Enfin, le document fait référence à la solidarité qui unit Turin à la Cuba, en mettant l’accent sur la contribution apportée en 2020 par les membres de la Brigade médicale Henry Reeve au peuple de cette ville italienne, à des moments les plus critiques de la pandémie de Covid-19.
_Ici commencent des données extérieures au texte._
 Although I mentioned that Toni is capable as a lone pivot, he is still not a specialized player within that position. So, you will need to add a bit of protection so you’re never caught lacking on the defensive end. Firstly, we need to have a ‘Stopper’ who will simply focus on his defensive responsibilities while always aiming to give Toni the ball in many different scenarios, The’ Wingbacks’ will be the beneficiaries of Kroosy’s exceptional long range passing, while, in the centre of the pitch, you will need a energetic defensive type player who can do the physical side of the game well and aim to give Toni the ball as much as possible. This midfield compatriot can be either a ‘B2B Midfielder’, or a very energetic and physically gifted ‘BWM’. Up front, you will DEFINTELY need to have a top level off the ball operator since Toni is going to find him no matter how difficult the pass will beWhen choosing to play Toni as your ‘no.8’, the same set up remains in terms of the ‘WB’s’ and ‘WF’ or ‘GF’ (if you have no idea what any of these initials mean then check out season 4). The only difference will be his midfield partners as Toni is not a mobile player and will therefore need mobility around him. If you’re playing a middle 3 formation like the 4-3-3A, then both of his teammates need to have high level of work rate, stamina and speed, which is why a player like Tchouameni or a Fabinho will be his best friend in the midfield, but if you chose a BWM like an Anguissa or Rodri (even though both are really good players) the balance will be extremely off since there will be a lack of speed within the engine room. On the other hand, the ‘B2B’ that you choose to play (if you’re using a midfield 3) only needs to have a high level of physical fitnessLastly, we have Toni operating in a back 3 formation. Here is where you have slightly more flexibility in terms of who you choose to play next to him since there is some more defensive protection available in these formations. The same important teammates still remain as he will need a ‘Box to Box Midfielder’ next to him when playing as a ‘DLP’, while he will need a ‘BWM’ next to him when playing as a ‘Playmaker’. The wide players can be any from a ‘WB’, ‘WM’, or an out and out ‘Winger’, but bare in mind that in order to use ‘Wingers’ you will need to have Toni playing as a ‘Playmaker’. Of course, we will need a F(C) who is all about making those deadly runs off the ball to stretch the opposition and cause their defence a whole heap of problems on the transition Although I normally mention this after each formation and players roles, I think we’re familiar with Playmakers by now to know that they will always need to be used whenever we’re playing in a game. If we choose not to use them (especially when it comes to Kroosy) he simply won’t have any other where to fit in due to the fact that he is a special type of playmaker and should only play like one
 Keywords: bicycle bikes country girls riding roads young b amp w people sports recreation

Cette initiative s’ajoute à d’autres actions menées en Italie par diverses organisations, telles que « Énergie pour la Vie », coparrainée par l’Association nationale d’amitié Italie-Cuba, l’Association de promotion sociale ARCI, la Confédération générale italienne du travail et l’Association nationale des partisans d’Italie, ainsi que la campagne « Un médicament pour Cuba », promue par l’Union syndicale de base (USB), l’un des plus grands syndicats italiens, visant à soutenir la santé publique dans ce pays.
SOLIDARITÉ ANTI-IMPÉRIALISTE DE MANILLE À LA HAVANE
Par ailleurs, la levée du blocus a également été demandée ce 11 mars lors d’un rassemblement à l’Université Ateneo, aux Philippines, dans le cadre d’une initiative sous le slogan « Solidarité anti-impérialiste de Manille à La Havane ».
Avec la conviction de lutter pour une cause humanitaire, étudiants, un rassemblement a réuni des membres de l’Association culturelle et d’amitié Philippines-Cuba et du Conseil mondial de la paix, ainsi que des représentants du Bureau de l’égalité des genres et de la lutte contre le harcèlement de l’Université Diliman et de la coalition Freedom from Debt.
Les participants, a rapporté Prensa Latina, ont exprimé leur soutien au peuple cubain et ont souligné l’exemple qu’il représente pour le monde, non seulement par sa résistance, mais également par ses réalisations en matière de justice sociale et de coopération internationale, en particulier dans le domaine de la santé.
Du côté cubain, à travers une visioconférence, l’ambassadrice Yadira Ledesma a expliqué comment le pays a résisté, au cours des 67 dernières années, aux agressions impérialistes et au système unilatéral de sanctions le plus vaste et le plus prolongé appliqué contre tout un pays et contre son peuple.
La rencontre a démontré, une fois de plus, que l’Île n’est pas seule et qu’elle compte des amis qui, cette fois depuis l’Asie, élèvent la voix pour s’exclamer : « Vive Cuba libre ! »
GRATITUDE DEPUIS NOTRE AMÉRIQUE
En Amérique latine également, des voix se sont fait entendre en soutien à Cuba, des médias ayant rapporté une manifestation devant l’Ambassade des États-Unis au Chili, visant à confirmer leur soutien à Cuba face à la situation difficile que traverse le pays caribéen, conséquence du renforcement du blocus.
Dafne Concha, conseillère municipale, a déclaré à Prensa Latina :
« Aujourd’hui, nous venons dire aux États-Unis que Cuba n’est pas seule et que nous allons nous battre pour qu’elle puisse continuer à avancer dans son propre projet, en défendant son peuple. »
Elle a affirmé que cette île est une île de paix et de solidarité, qui a envoyé des médecins dans le monde entier pour aider à sauver des vies.
Pour sa part, Amaya Candia, présidente de la Société médicale internationale des diplômés de l’École latino-américaine de médecine (ELAM), a mis en avant comme « l’un des succès les plus importants au niveau international » les plus de 32 000 médecins diplômés, venus de 122 pays formés dans ce centre.
Elle a également condamné les campagnes menées contre les brigades médicales cubaines intervenant dans différentes régions du monde.
La manifestation a été convoquée par le Mouvement de solidarité, le Parti et les Jeunesses communistes du Chili, la Brigade de propagande populaire, l’ELAM-Chili et l’Institut de culture José Marti, parmi d’autres organisations.